Problem Statement:

You are given a 0-indexed m x n integer matrix grid and an integer k. You are currently at position (0, 0) and you want to reach position (m - 1, n - 1) moving only down or right.

Return the number of paths where the sum of the elements on the path is divisible by k. Since the answer may be very large, return it modulo 10⁹ + 7.

Example 1:

Input: grid = [[5,2,4],[3,0,5],[0,7,2]], k = 3
Output: 2
Explanation: There are two paths where the sum of the elements on the path is divisible by k.
The first path highlighted in red has a sum of 5 + 2 + 4 + 5 + 2 = 18 which is divisible by 3.
The second path highlighted in blue has a sum of 5 + 3 + 0 + 5 + 2 = 15 which is divisible by 3.

Example 2:

Input: grid = [[0,0]], k = 5
Output: 1
Explanation: The path highlighted in red has a sum of 0 + 0 = 0 which is divisible by 5.

Example 3:

Input: grid = [[7,3,4,9],[2,3,6,2],[2,3,7,0]], k = 1
Output: 10
Explanation: Every integer is divisible by 1 so the sum of the elements on every possible path is divisible by k.

Constraints:

m == grid.length
n == grid[i].length
1 <= m, n <= 5 * 10⁴
1 <= m * n <= 5 * 10⁴
0 <= grid[i][j] <= 100
1 <= k <= 50

Solution:

Firstly a note regarding notation, I have replaced small k with capital K and I am using small k for indexing.

Algorithm:

We will create a DP table of shape (M,N,K) where dp[i][j][k] denotes number of ways to reach (i,j) coordinate with sum%K==k. At the end we will return dp[M-1][N-1][0].

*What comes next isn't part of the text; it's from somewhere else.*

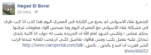 وقال البرعى فى تدوينة عبر "فيس بوك": للجميع علاء الأسواني لم يمنع من الكتابه في المصري اليوم هذا كذب أنا كنت طرف في مشكله علاء الاسواني مع المصري اليوم وما يصحش أقول معلومات عرفتها بحكم عملي ؛ ولكنني اشهد أمام الله أن الجريدة بعثت له جواب أنا كاتبه بايدي تتحايل عليه يفضل يكتب ومش هاقول تفاصيل لكني انزعجت للغاية عندما قرئت الخبر فقررت أن أصدع بالحق".

Now for (0,0) there is one way to reach dp[0][0]%K but for other values of k, there is no way to achieve that sum.

Recurrence relation

 
dp[i][j][k] = A + B

where A is the number of ways to reach (i,j) via (i,j-1) and B is the number of ways to reach (i,j) via (i-1,j) Now we know that A = dp[i][j-1][idx]. We want to find this idx Suppose grid[i][j]%K==x. Then

 
idx = (K + k - x) % K

This idx value is same even for (i-1,j)

C++ code:

 
class Solution {
public:
    int numberOfPaths(vector<vector<int>>& grid, int K) 
    {
        int m=grid.size(), n=grid[0].size(), mod=1000000007;
        vector<vector<vector<int>>> dp(m, vector<vector<int>>(n,vector<int>(K,0)));
        dp[0][0][grid[0][0]%K]++;
        for (int i=0; i<m; i++)
            for (int j=0; j<n; j++)
                for (int k=0; k<K; k++)
                {
                    if (i==0 && j==0) continue;
                    int a = ((j==0) ? 0 : dp[i][j-1][(K+k-grid[i][j]%K)%K] % mod);
                    int b = ((i==0) ? 0 : dp[i-1][j][(K+k-grid[i][j]%K)%K] % mod);
                    dp[i][j][k] = (a+b)%mod;
                }
        return dp[m-1][n-1][0];
    }
};